Наконец настал момент, когда от тысяч новобранцев осталось не более пятисот закаленных бойцов. Они почти не несли потерь, действовали как единый организм, чутко реагируя на любые изменения в окружающем их враждебном мире, и выходили победителями в любой стычке. Казалось бы, ничто не способно было их сокрушить, но тут произошло страшное: часть войска и некоторые командиры стали сомневаться в конечной цели похода. Посмотрите, роптали они, солнце ни на день не приблизилось к нам! Мы гибнем ради призрачной цели! Давайте вернемся или останемся тут. Мы сохраним наши жизни и построим новые города! Прекрасные девы будут дарить нам детей, наши стада будут усеивать эти пастбища и это будет прекрасный мир!
Однажды ночью, верные Императору командиры приказали перерезать зачинщиков. Тьечи и его люди сделали это. Он и сам не был уверен в том, что они найдут место рождения Солнца, и тоже с радостью бы повернул домой к оливам и стаду овец своей матери, но он получил приказ. Он был воином, верным своему Императору и командиру.
Закопав мертвых, воины двинулись дальше. Последние три сотни.
Через некоторое время они вышли на берег моря. Дальше дороги не было. И Солнце, ярко полыхая нестерпимым светом, поднялось им навстречу прямо из воды. Мы нашли! Мы нашли, кричали они, потрясая оружием. Слава Императору! Слава! Слава! Слава!
Тьечи усомнился в правильности того, что они нашли. Но не посмел сказать об этом ликующему войску.
С огромным облегчением командиры повернули сотни домой и… ужаснулись. Пройденный путь был усеян черепами врагов и обильно полит кровью своих. И если враги воспрянули и расплодились, то «своих» было взять неоткуда, а значит, надежды вернуться, увы, нет.
Но они пошли. Воины получили приказ – только вперед! Пусть доберется хотя бы один, но донесет весть Императору.
Железный строй редел с каждой битвой или стычкой. Мысль о доме утраивала их силы, но отовсюду летели только камни и стрелы. Ряды сжимались, число оставшихся медленно сокращалось.
Тьечи застонал. Он не мог пошевелиться, а на губах был соленый привкус крови. Он чувствовал, что силы по капле уходят из него в теплую Землю. Он припомнил, как получил в грудь здоровенным молотом и провалился в ночь. Как жаль, что приходится умирать в двух переходах от дома, так и не выполнив приказ, так и не обняв старенькую мать и не щелкнув сестренку по носу. Как жаль…

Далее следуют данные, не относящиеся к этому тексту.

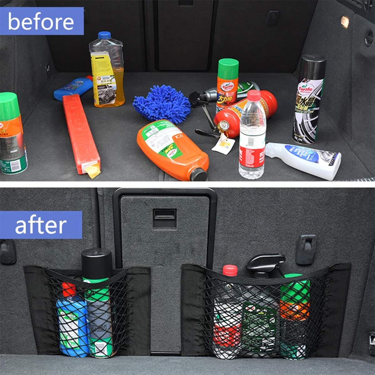 Deemars 2er Set Auto-Ladenetze - Elastische Kofferraum-Organizer Mit Klettverschluss

Сбоку появилась тень. Тьечи скосил глаза. Над ним стоял варвар. На темном лице сверкнули белые зубы и он, опустившись на колени, обшарил раненого. Нашел кремень, пару наконечников для стрел и красивый камушек, который Тьечи нес от моря и берег для сестры. Поворчал, достал широкий нож и откинул назад голову Тьечи, добираясь до горла. Что-то пробормотал, замахнулся и повалился набок со стрелой в голове.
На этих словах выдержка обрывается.